**Work to be completed**
Could you restate word for word the lines running from the one with "Satchel made in" to the end of the data, both ends included, but without pictures?

##### Source material #####

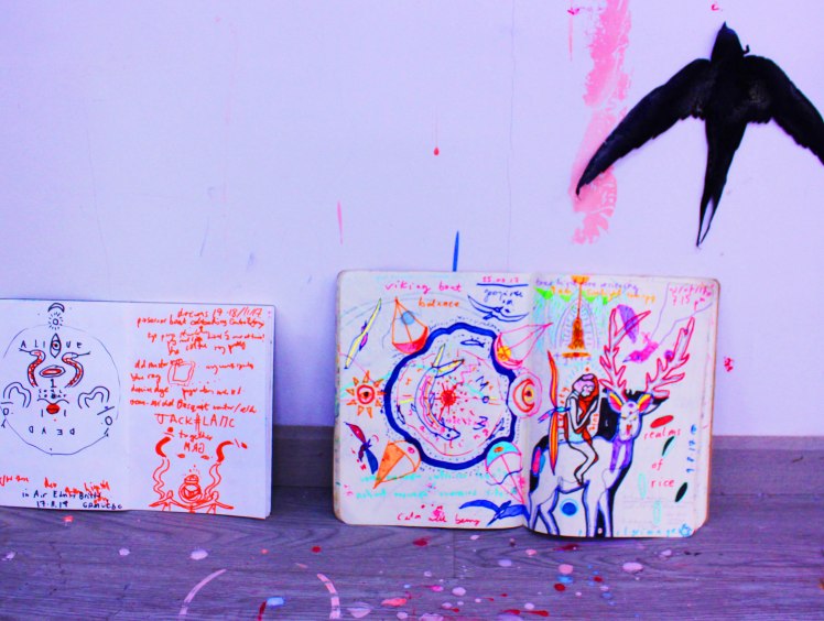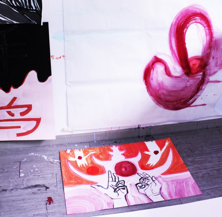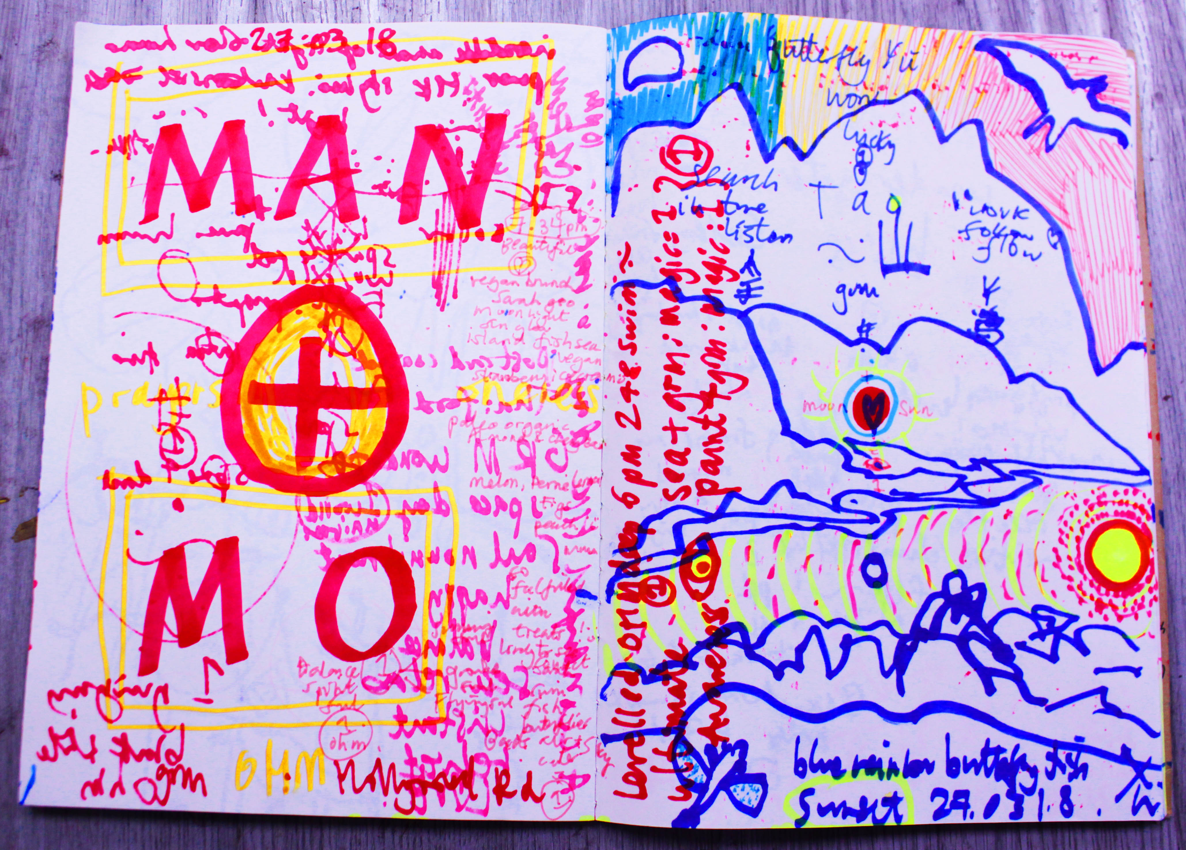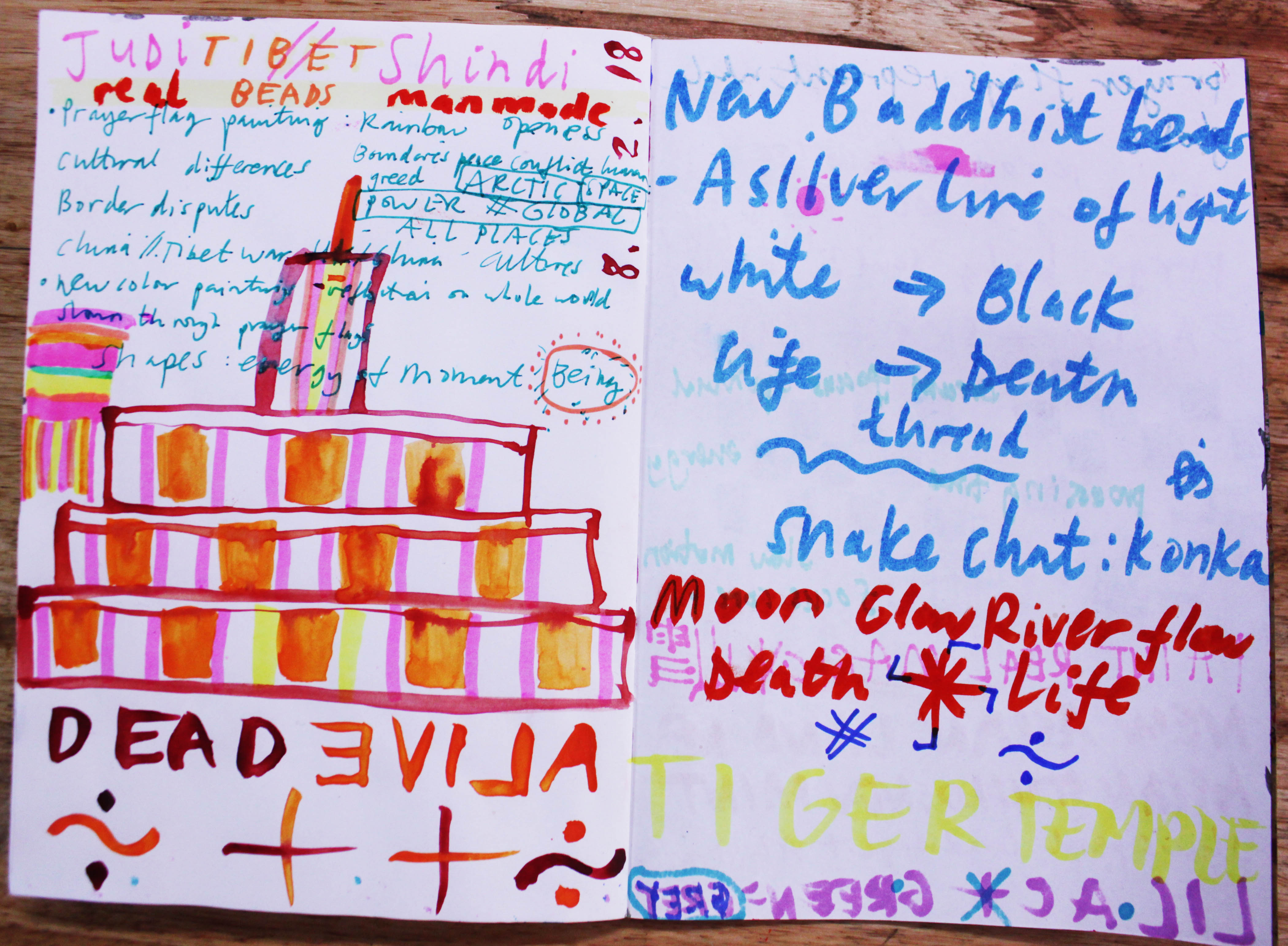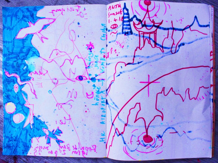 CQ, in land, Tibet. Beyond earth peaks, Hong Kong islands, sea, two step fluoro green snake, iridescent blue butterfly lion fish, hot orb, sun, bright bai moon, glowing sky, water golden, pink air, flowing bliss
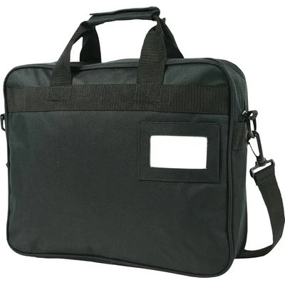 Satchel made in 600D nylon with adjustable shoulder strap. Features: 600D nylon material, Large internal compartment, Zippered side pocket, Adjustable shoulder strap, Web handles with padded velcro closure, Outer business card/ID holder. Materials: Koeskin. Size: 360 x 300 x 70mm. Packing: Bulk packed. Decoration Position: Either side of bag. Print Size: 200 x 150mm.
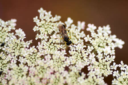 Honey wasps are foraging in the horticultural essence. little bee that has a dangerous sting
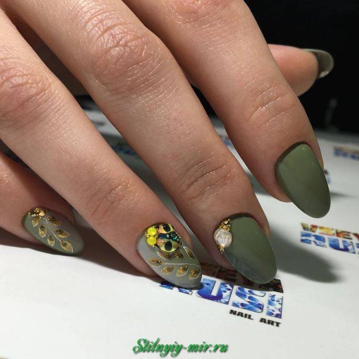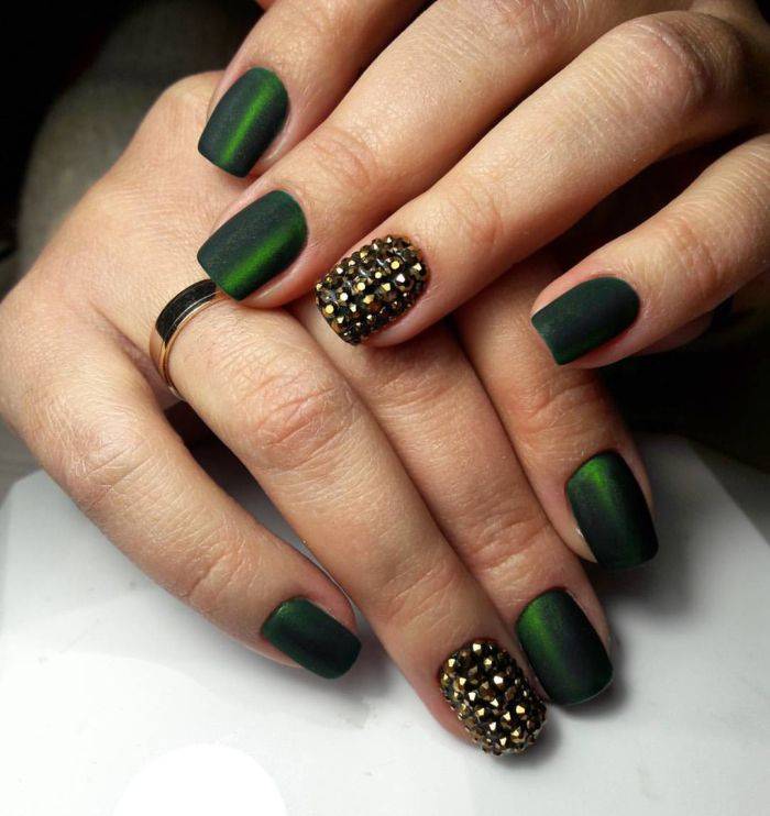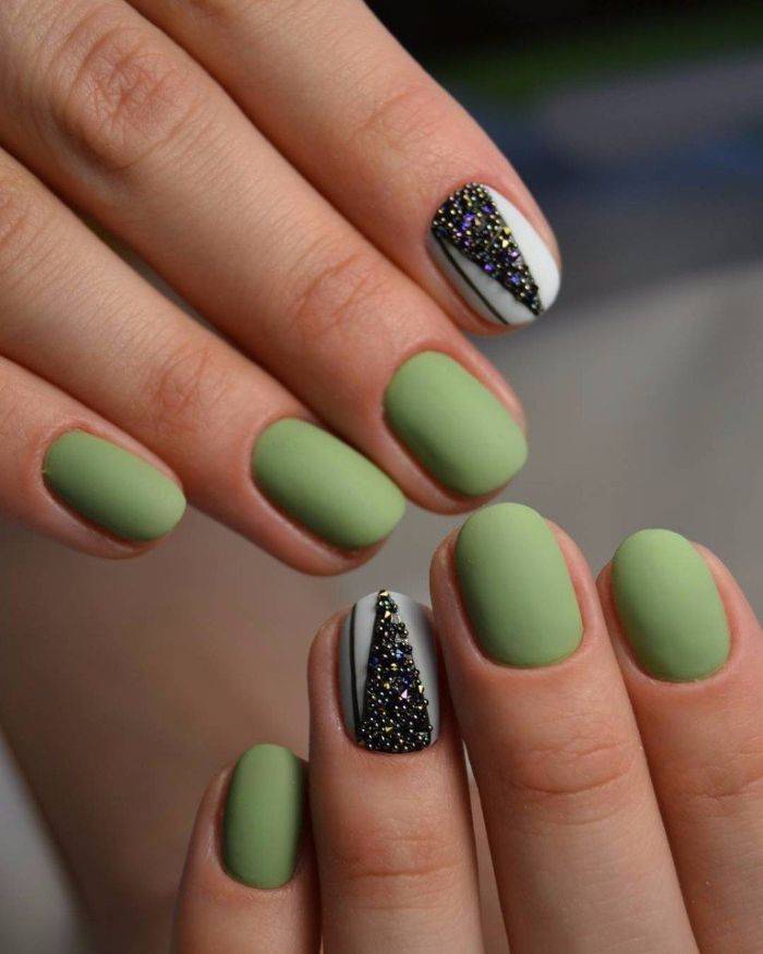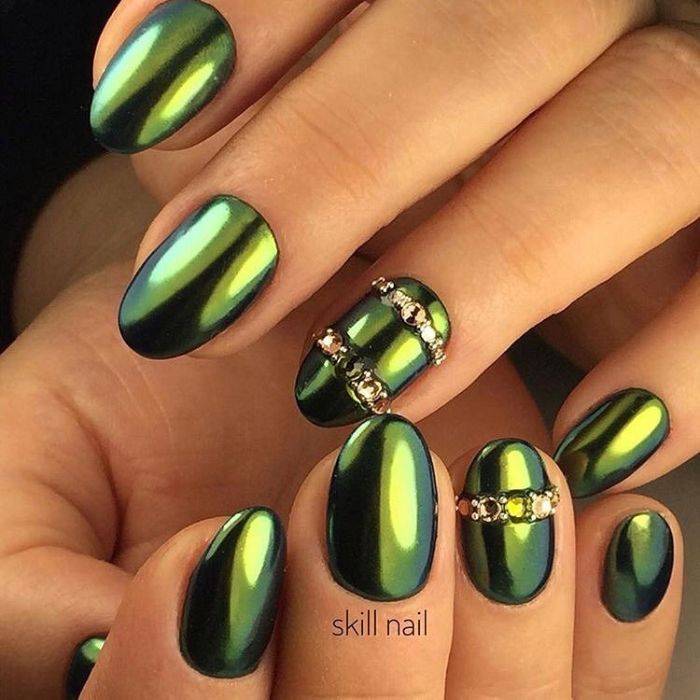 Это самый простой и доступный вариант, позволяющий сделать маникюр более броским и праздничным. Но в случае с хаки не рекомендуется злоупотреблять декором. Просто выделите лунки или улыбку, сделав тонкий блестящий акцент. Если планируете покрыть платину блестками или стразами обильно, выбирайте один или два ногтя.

#####

**Solution to this problem**
 Satchel made in 600D nylon with adjustable shoulder strap. Features: 600D nylon material, Large internal compartment, Zippered side pocket, Adjustable shoulder strap, Web handles with padded velcro closure, Outer business card/ID holder. Materials: Koeskin. Size: 360 x 300 x 70mm. Packing: Bulk packed. Decoration Position: Either side of bag. Print Size: 200 x 150mm.
 Honey wasps are foraging in the horticultural essence. little bee that has a dangerous sting
 Это самый простой и доступный вариант, позволяющий сделать маникюр более броским и праздничным. Но в случае с хаки не рекомендуется злоупотреблять декором. Просто выделите лунки или улыбку, сделав тонкий блестящий акцент. Если планируете покрыть платину блестками или стразами обильно, выбирайте один или два ногтя.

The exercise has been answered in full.